Could the financial crisis have spawned the year’s biggest rebranding, however unintentionally?
Wall Street was losing its financial mojo long before this month’s crisis ended the investment banking industry. The Street and its environs exist today more as a tourist trap for gawkers, foreign and domestic, and as a booming residential community, wherein condo marketers capitalize on the capitalism only as needed.
In the minds of millions, here and abroad, Wall Street’s rep as a beacon of atavistic capitalism should continue to fade, supplanted by the image of a thoroughly gentrified neighborhood that merely pays lip service to its roots. Think of Greenwich Village today. See many bohemians on Macdougal? Ditto Soho. It’s not for struggling artists anymore.
Here’s the (ahem) Wall Street Journal this morning:
Wall Street lives on as a capitalist symbol, but the new inhabitants of its bricks and mortar have reduced its reality to an echo. Now, the last of its titans are giving up the banking style that lent Wall Street its aura. Crowds of workers and visitors still thronged its granite canyon this week, but most of them had little in common with the street’s old war horses of finance.
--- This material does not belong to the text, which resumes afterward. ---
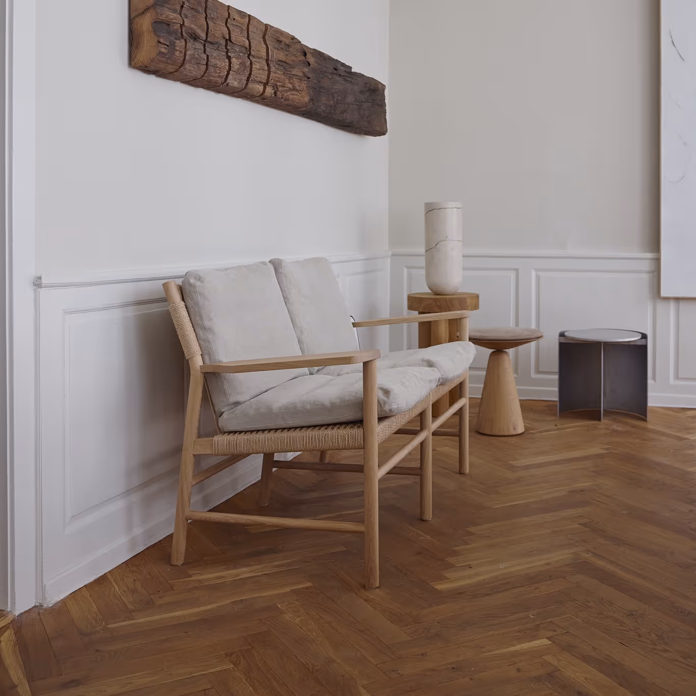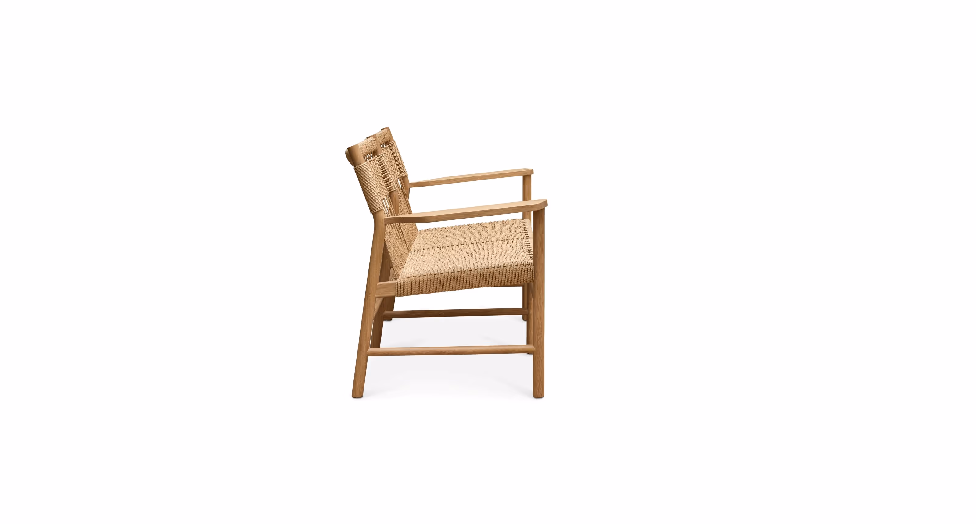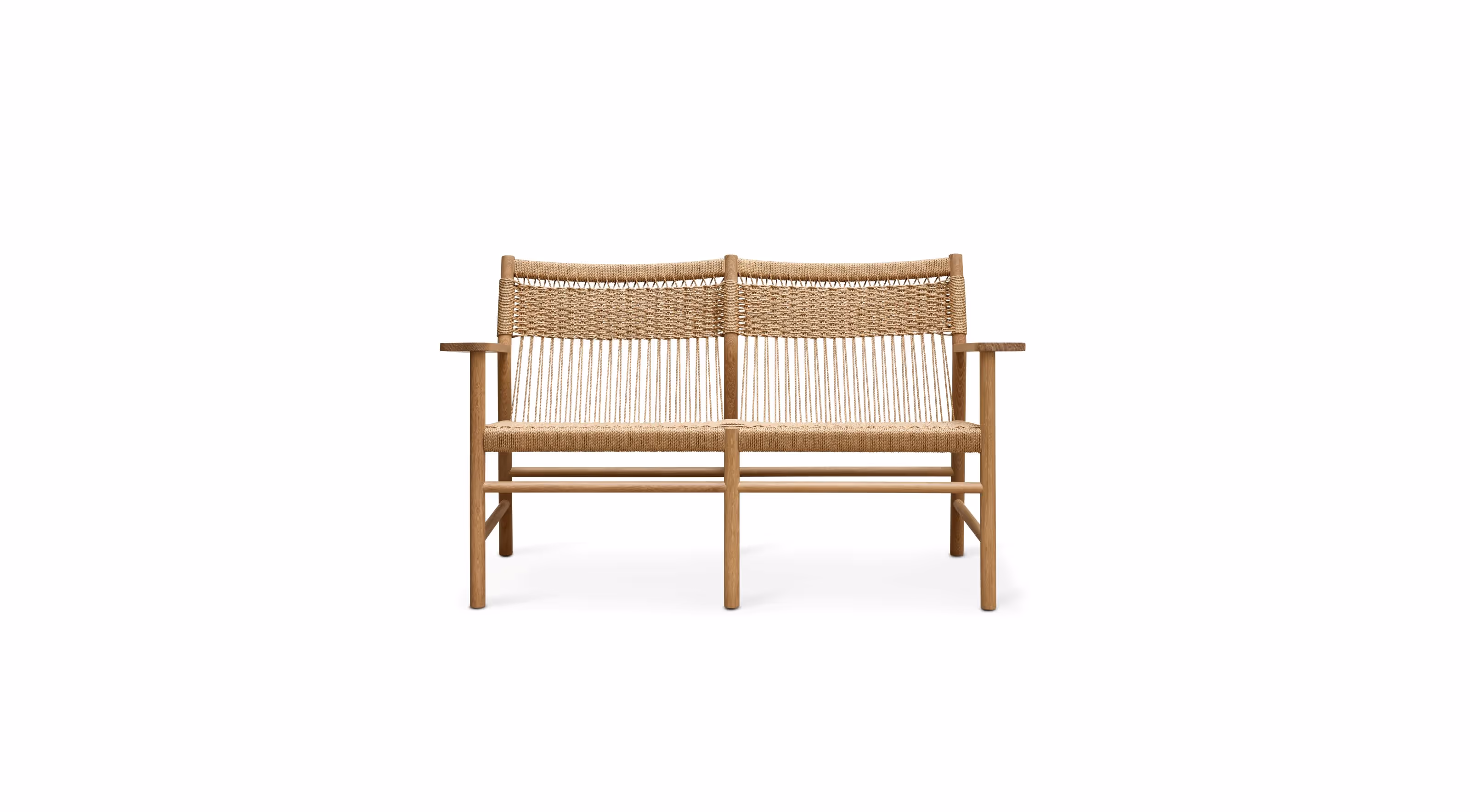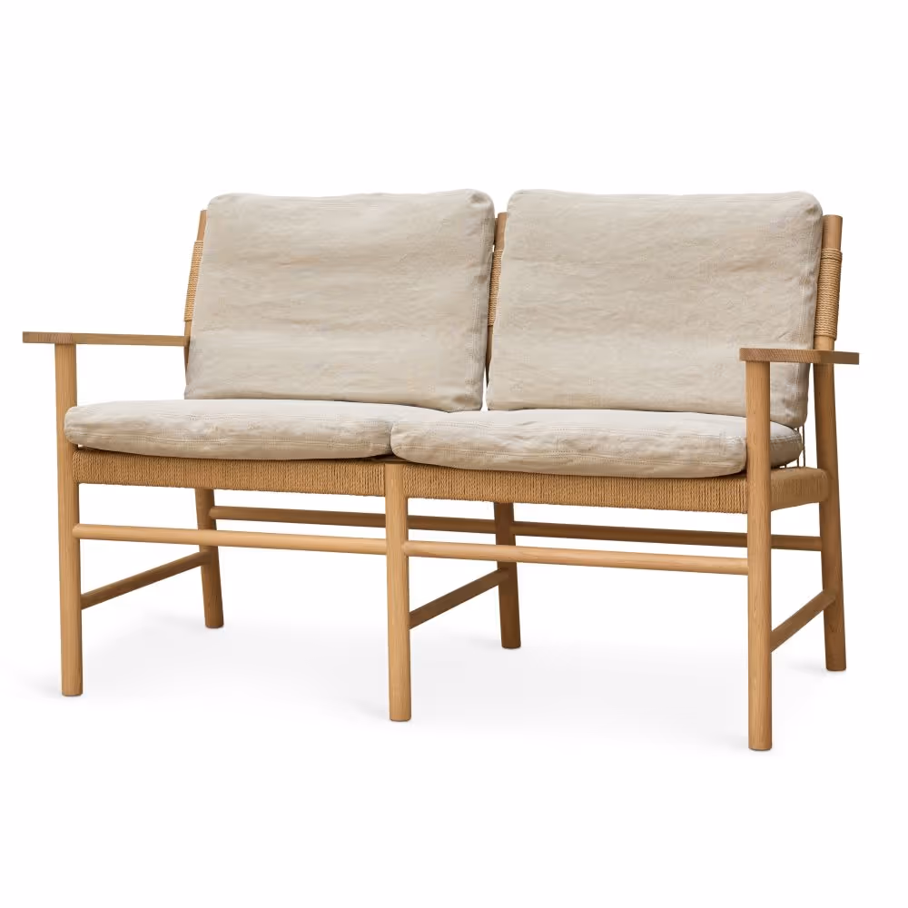 MG112 is an elegant dining sofa with armrests designed by Space Copenhagen. The sofa is made in Malte's workshop in Herlev, where most components are handcrafted. The seat and back are hand-woven from paper cord, making the chair comfortable, durable, and sturdy.

Mayor Bloomberg, on the eve of September 11, declared the Financial District in a Journal op-ed the "fastest-growing residential neighborhood in the country, bustling morning, noon and night." He’s probably right (we couldn’t say for sure either way).
The number of FiDi residents has certainly grown. In the first part of 2001, there were roughly 22,000 people living in the District, according to research from the Downtown Alliance (PDF). By mid-2008, there were over 56,000 and counting.